Airlines Backed at High Court on Security Threat Reports
The U.S. Supreme Court bolstered the legal immunity of airlines when they report potential security threats, throwing out a jury verdict won by an Air Wisconsin pilot upset about losing his job.
The justices today unanimously said airlines can’t be sued when they report security threats to the Transportation Security Administration as long as the information the carriers provide is “materially true.” The ruling interpreted a federal law enacted two months after the Sept. 11, 2001, terrorist attacks.
“Congress wanted to ensure that air carriers and their employees would not hesitate to provide the TSA with the information it needed,” Justice Sonia Sotomayor wrote for the court. The decision overturned a lower court ruling that airlines said would have left them legally vulnerable.
The justices threw out a $1.4 million award won by the pilot, William L. Hoeper. He sued the airline for telling federal officials as he was preparing to board a flight that he was “unstable” and possibly armed.
Three of the nine justices -- Antonin Scalia, Clarence Thomas and Elena Kagan -- dissented from that part of the ruling. They said the high court should have let the lower courts decide whether the airline’s report met the “materially true” standard.
Closely held Air Wisconsin Airlines Corp. flies for US Airways Group Inc., which joined with AMR Corp. in December to create American Airlines Group Inc.
President Barack Obama’s administration backed the industry in the case.
The 2001 Aviation and Transportation Security Act requires airlines to report security threats to the TSA. It also immunizes carriers from lawsuits, except for reports made with “actual knowledge” that they are false or “reckless disregard” for the truth.

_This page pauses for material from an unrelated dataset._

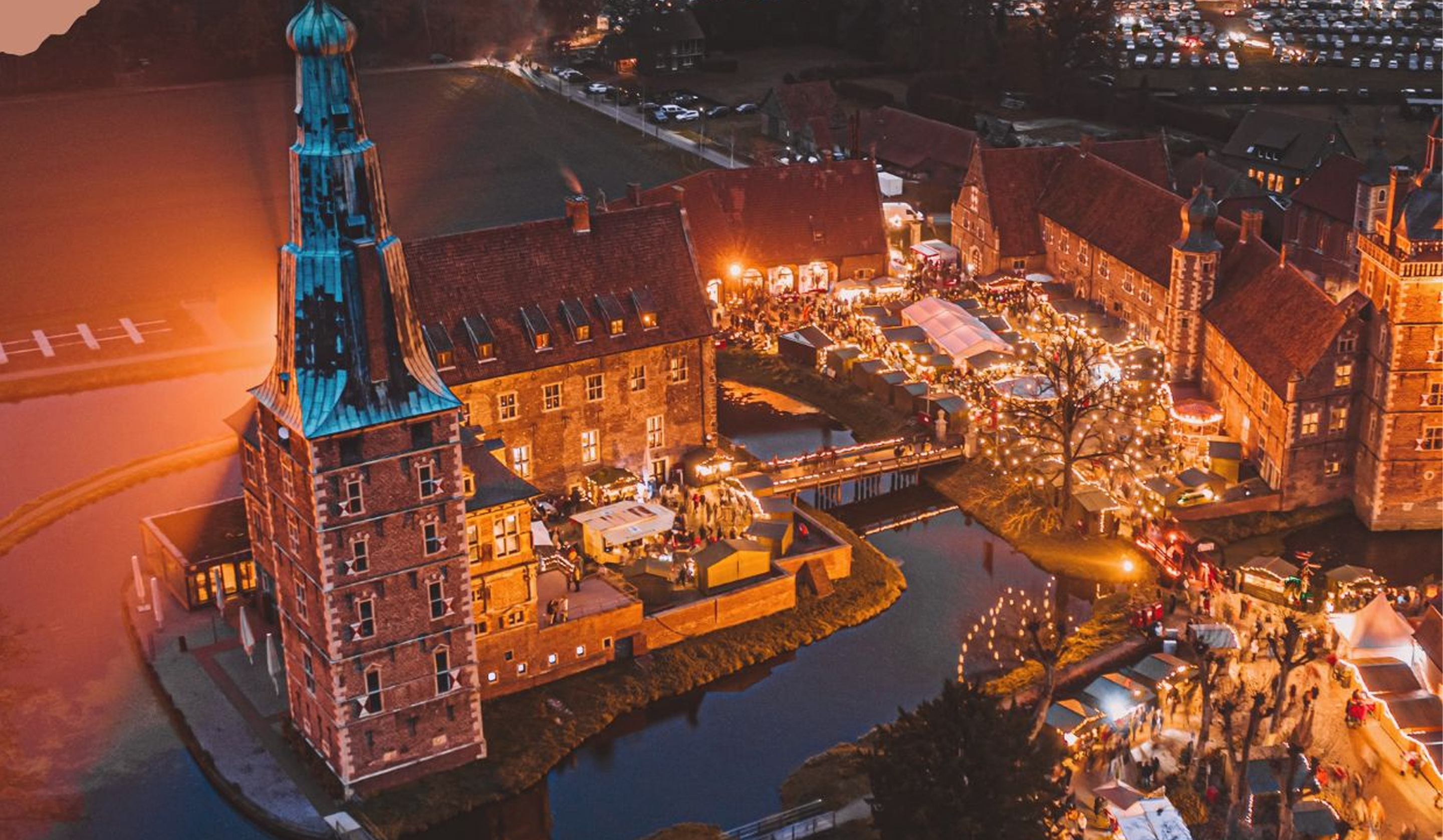 In der Woche des 2. Advents öffnet der Adventsmarkt am Wasserschloss in Raesfeld seine Tore mit funkelnden Lichtern und geschmückten Tannenbäumen.

The incident occurred after Hoeper, a 20-year commercial pilot, failed on his fourth and final try to pass a certification test. The airline was requiring Hoeper to prove his proficiency because it was discontinuing the type of airplane he had been piloting.
During the fourth test, Hoeper became angry with the test administrators, allegedly screaming at them and accusing them of deliberately undermining his chances.
He left the facility, and an Air Wisconsin manager, Patrick Doyle, booked the pilot on a flight to his Denver home. Before the flight left, Doyle called TSA to report Hoeper as a potential security threat.
Among other things, Doyle said he was concerned about Hoeper’s mental stability and about the whereabouts of the firearm he had been issued in his capacity as a federal flight deck officer.
Hoeper was removed from the plane, arrested and later released. A Colorado state-court jury awarded Hoeper damages after concluding the airline had defamed him.
The Colorado Supreme Court said Air Wisconsin wasn’t entitled to immunity because Doyle’s statements were made with reckless disregard as to their truth or falsity.
In rejecting that conclusion, Sotomayor said Doyle “accurately conveyed ‘the gist’ of the situation.”
She added, “Baggage handlers, flight attendants, gate agents and other airline employees who report suspicious behavior to the TSA should not face financial ruin if, in the heat of a potential threat, they fail to choose their words with exacting care.”
The case is Air Wisconsin v. Hoeper, 12-315.